Thursday, February 16, 2006

we're watching you, you know

Graduate students, as everyone knows, are completely paranoid. They worry about everything: whether they can compete against others at better institutions; whether their professors think them worthy; whether they'll ever get a job; whether their colleagues appreciate how truly witty they are in comparison with the rest of the mundane world. And in between, they fantasize about the life of a professor--a life filled, they think, with free time, with ingenious ideas about literature, with intellectual conversations and inspired drinks with friends.

And so. It was with the full knowledge of all these hopes and fears, I freely confess, that I embarked upon what was probably the best practical joke of my life.

What happened was that, long ago, as a graduate student, I observed that an up-and-coming hot grad student, J., had recently befriended my office mate. And together, indulging in all those fantasies about professorhood, they had conspired to smuggle a small bottle of fine whisky into the office, which--in flagrant disregard of school rules but in utter fulfilment of the professor-fantasy they held in their minds--they would periodically drink together, offering me none, while I, meanwhile, studiously advised my students and plotted my revenge.

What I did was compose a brief memo that looked and sounded very much like the memos we were accustomed to receiving from the nazi-director then supervising our work. I risographed the memo on cheap pink paper, using the very machine that all our memos were printed from, and I mimicked the tone of our director to the best of my abilities. The resulting memo said something like this:
______

To All TAs:

It has come to our attention that certain TAs have been drinking alcohol in their offices. The consumption of alcohol on campus is in direct violation of code 10A5094P. Any teaching assistants with information about this violation should come to our office directly for the purpose of snitching.

Signed,

Senior Nazi Supervisor, Ph.D.
_____________

Despite the header "To All TAs," I put the memo only in my office mate and friend's mailboxes.
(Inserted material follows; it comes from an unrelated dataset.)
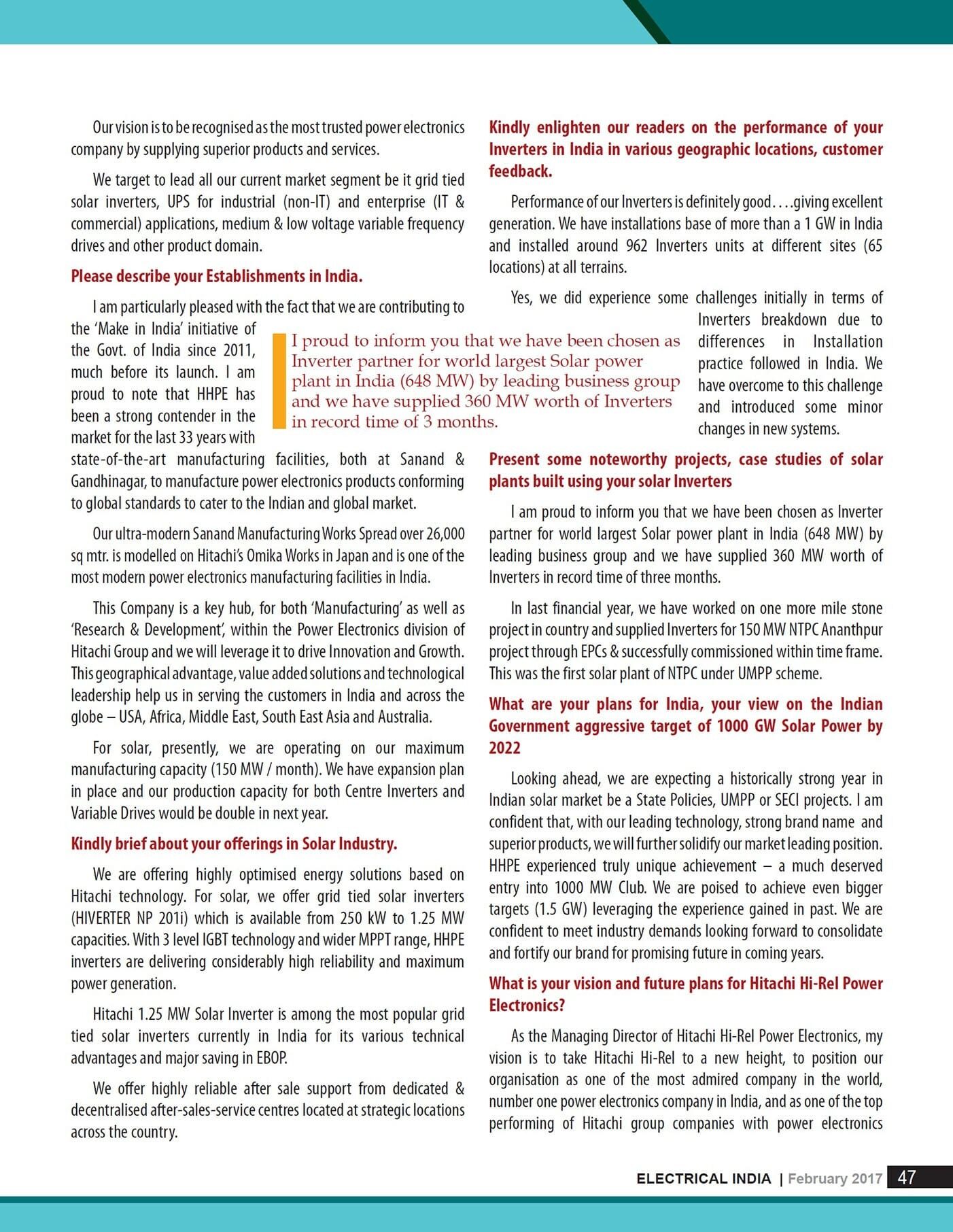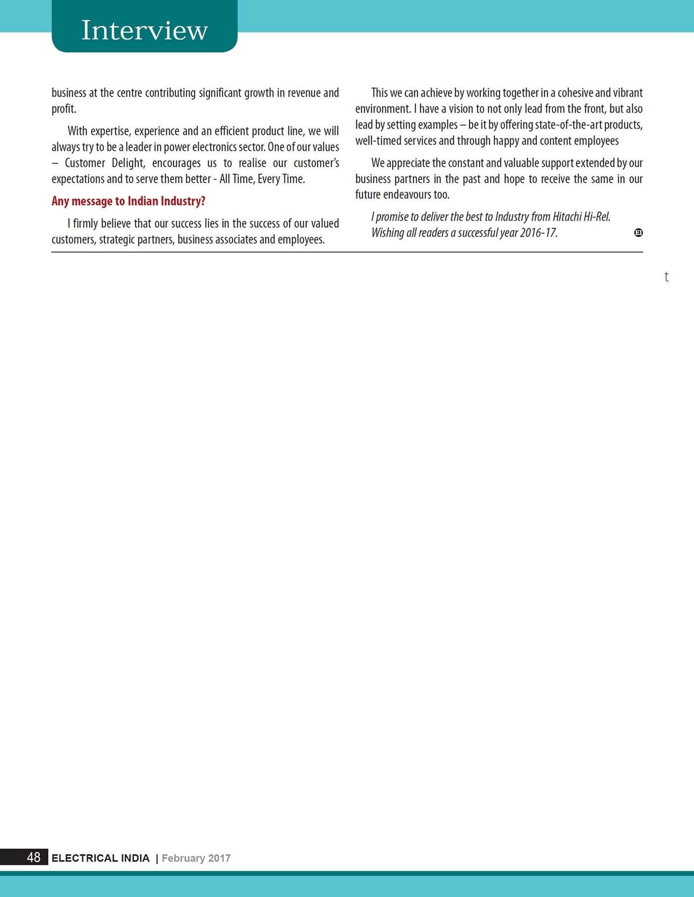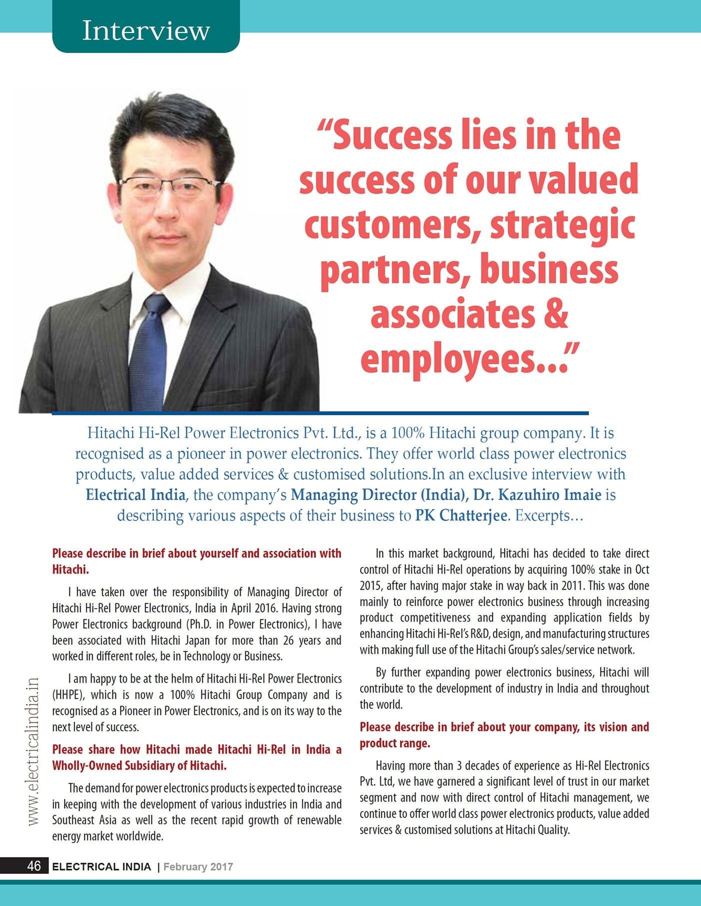 Interview of Dr. Kazuhiro Imaie (Managing Director) in Electrical India February 2017 Issue

I knew it was certain to inspire panic--graduate students are a paranoid bunch, after all--but I thought that last line about snitching would certainly give away the gag.
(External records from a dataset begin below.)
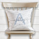 Chic French Blue & Gray Marble Name Monogram Throw Pillow
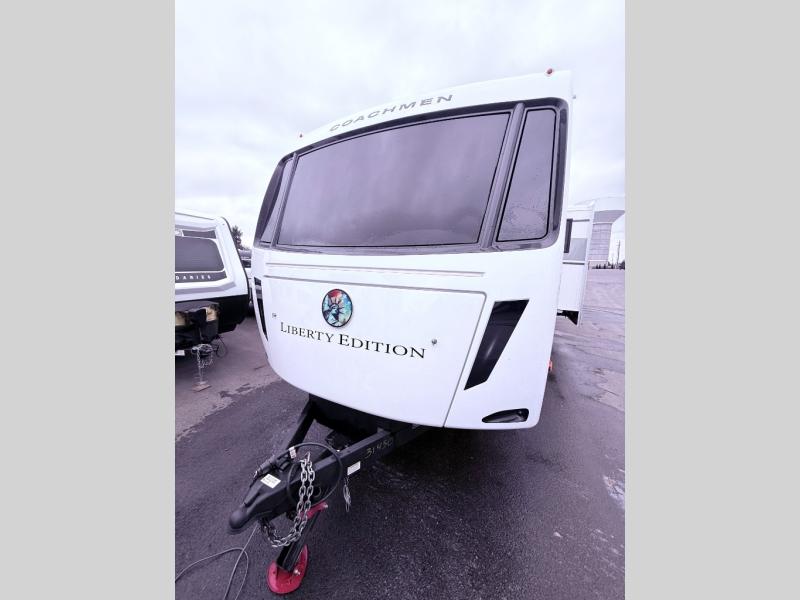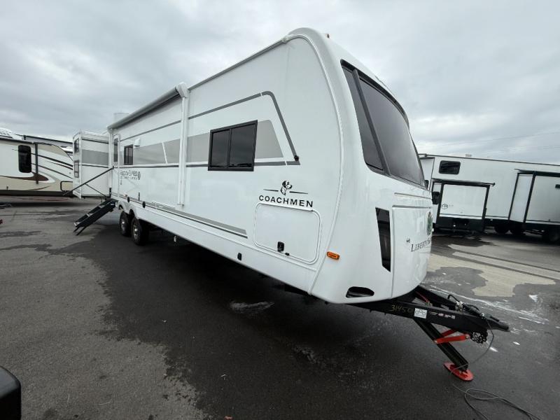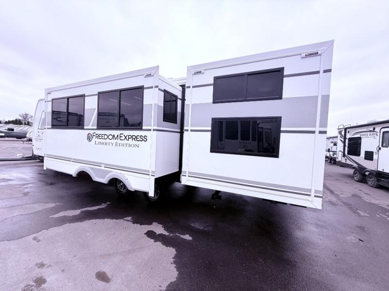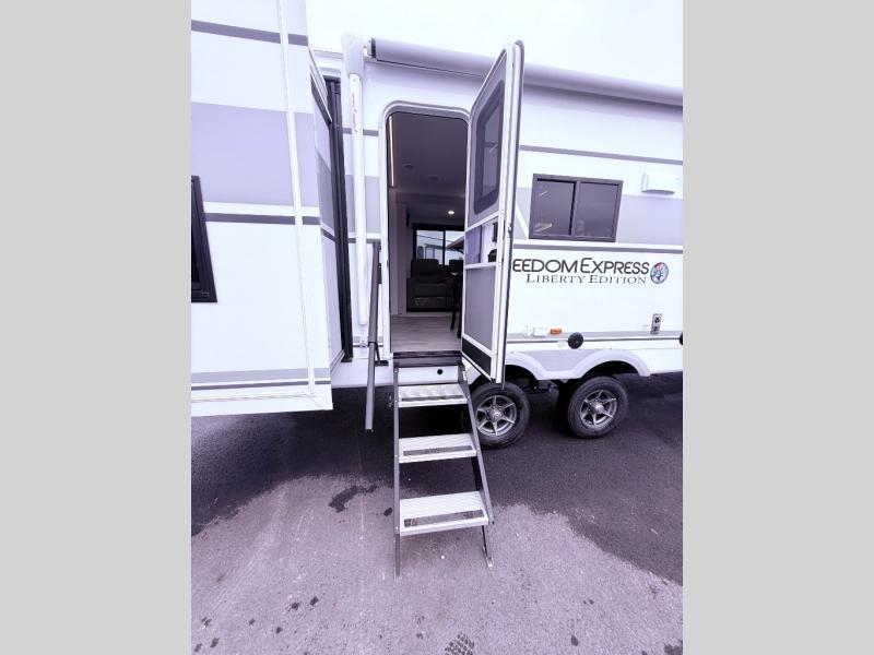 This stunning new Coachmen RV Freedom Express Liberty Edition travel trailers are built on the trusted Freedom Express platform designed with premium features and innovative design elements that will make your journeys unforgettable. Each unit boasts impressive interior space, with a cleverly designed layout and thoughtful touches that make it feel like a home away from home. Flip-up countertop extensions provide extra space for meal prep or work, showing that every detail has been carefully considered to ensure your comfort and convenience. With its perfect blend of style, comfort, and functionality, the Freedom Express Liberty Edition is the ultimate travel trailer for those who crave the freedom to explore and the luxury to savor every moment.
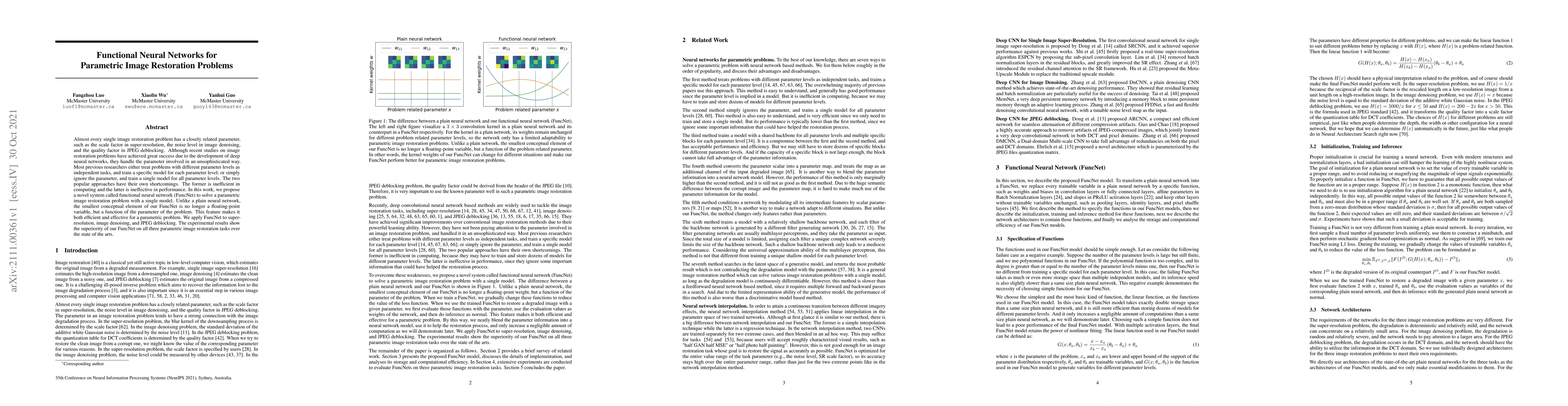Almost every single image restoration problem has a closely related parameter, such as the scale factor in super-resolution, the noise level in image denoising, and the quality factor in JPEG deblocking. Although recent studies on image restoration problems have achieved great success due to the development of deep neural networks, they handle the parameter involved in an unsophisticated way. Most previous researchers either treat problems with different parameter levels as independent tasks, and train a specific model for each parameter level; or simply ignore the parameter, and train a single model for all parameter levels. The two popular approaches have their own shortcomings. The former is inefficient in computing and the latter is ineffective in performance. In this work, we propose a novel system called functional neural network (FuncNet) to solve a parametric image restoration problem with a single model. Unlike a plain neural network, the smallest conceptual element of our FuncNet is no longer a floating-point variable, but a function of the parameter of the problem. This feature makes it both efficient and effective for a parametric problem. We apply FuncNet to super-resolution, image denoising, and JPEG deblocking. The experimental results show the superiority of our FuncNet on all three parametric image restoration tasks over the state of the arts.
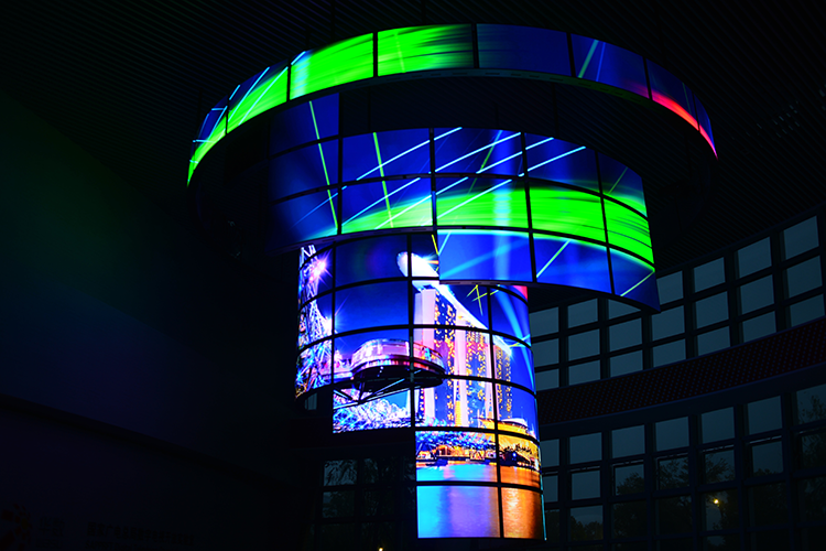 國內首個OLED曲面拼接雕塑懸掛在挑高三層的展廳中央,給產業園帶來了非比尋常的震撼視覺。

But I was most satisfyingly wrong.

J., upon reading the memo, freaked out immediately, as I'd expected. She promptly assumed the memo was about her, and went around querying her friends about whether they'd heard anything.
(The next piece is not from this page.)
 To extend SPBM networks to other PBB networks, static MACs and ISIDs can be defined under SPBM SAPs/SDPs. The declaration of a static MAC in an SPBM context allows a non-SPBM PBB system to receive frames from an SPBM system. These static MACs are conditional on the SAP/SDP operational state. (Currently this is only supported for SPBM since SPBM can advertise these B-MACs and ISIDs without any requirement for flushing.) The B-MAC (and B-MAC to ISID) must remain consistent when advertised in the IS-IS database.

And what she found out, of course, was that no one had received the memo but she.

When I returned to my office by about 4 pm that afternoon, she was in complete paranoid hysteria, desecrating the said supervisor, calling him a liar for attempting to draw her out by such means, and consulting the university Ombudsman at periodic intervals about her future as an Ex-Graduate Student Abruptly Thrown Out of Her Program for a Drinking Problem.

I was rather horrified at the damage my gag had accomplished--and in such short order, too. Although I must admit to a certain feeling of gratification....a feeling, indeed, which lingers still?

I did eventually confess the prank. I confessed at the point at which J. had decided that her best recourse was talking to the Nazi Director in person to explain her lapse.

I must admit her willingness to confront the situation scared me: what if our supervisor discovered that someone had been forging official-looking memos in his name? My own grad-school paranoia meant I couldn't let that happen. So I 'fessed up.

And it all ended well. J. and I are best friends now. Seriously. J. is probably my best friend on the planet.

Though she's still pissed about that memo thing.